Candidates for the Republican Nomination Seize on the Issue of Islam

On Sunday, Sept. 20 on NBC, Ben Carson, candidate for the Republican nomination, expressed his opposition to the prospect of electing a Muslim president in the United States. A conservative Christian, Mr. Carson was asked the question of whether the faith of a candidate in the presidential election was important. The former neurosurgeon initially responded by saying that it all depended on the faith in question before clarifying, at the request of the interviewer, that he deemed Islam “inconsistent” with “the values and principles of America,” and adding that he could, however, vote for a Muslim candidate for Congress.

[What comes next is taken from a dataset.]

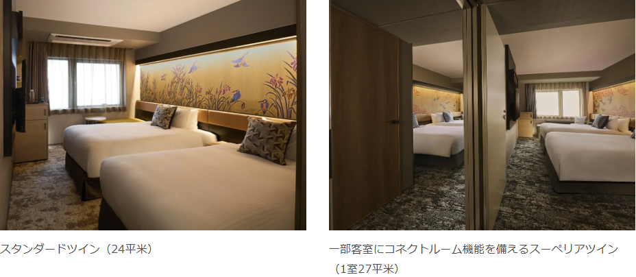 ツイン131室(24.6~27平米)、 ダブル 67室(24.6~27平米)、 ユニバーサルルーム 2室(40.5平米)

The host of the popular NBC program, Chuck Todd, raised the subject in the wake of criticisms that were launched at Donald Trump, the Republican candidate who is currently the best placed in terms of voter intentions. Trump did not correct a person who came to one of his campaign meetings in New Hampshire on Thursday, Sept. 17 and insinuated, repeating a well-known conspiracy theory in the United States, that President Barack Obama, who is Protestant, was in fact born overseas — which would have made him ineligible for the presidency — and was Muslim. Mr. Trump himself, in 2011 and 2012, heavily fueled these types of doubts about the president’s birthplace.

‘Muslims’ or ‘Radical Muslims’

Interviewed on the same subject on Sunday on CNN, the real estate magnate, unlike Mr. Carson, stated that the election of a Muslim president was possible, distinguishing “Muslims” from “radical Muslims” that pose, according to him, “a problem” in both the United States and around the world. More obliquely, another candidate for the presidential election, Scott Walker, governor of Wisconsin, has refused to state on many occasions whether he considers Mr. Obama to be a Christian, claiming that he doesn’t know enough about him.

A few days earlier, another news item attracted the attention of the American public: the arrest of a young student named Ahmed Mohamed, in Texas. He was briefly detained for having created an electronic clock that he brought to class, which raised the suspicions of one of his teachers. Mr. Obama subsequently invited the young boy to the White House, raising the ire of a young supporter of the fourth Republican candidate, Ted Cruz. In a message posted on YouTube, this teenager deplored the lack of attention shown by the president with regard to the family of a victim killed by an undocumented immigrant, or of policemen killed in the course of their jobs. “When a Muslim kid builds a clock,” he stated, he is welcomed.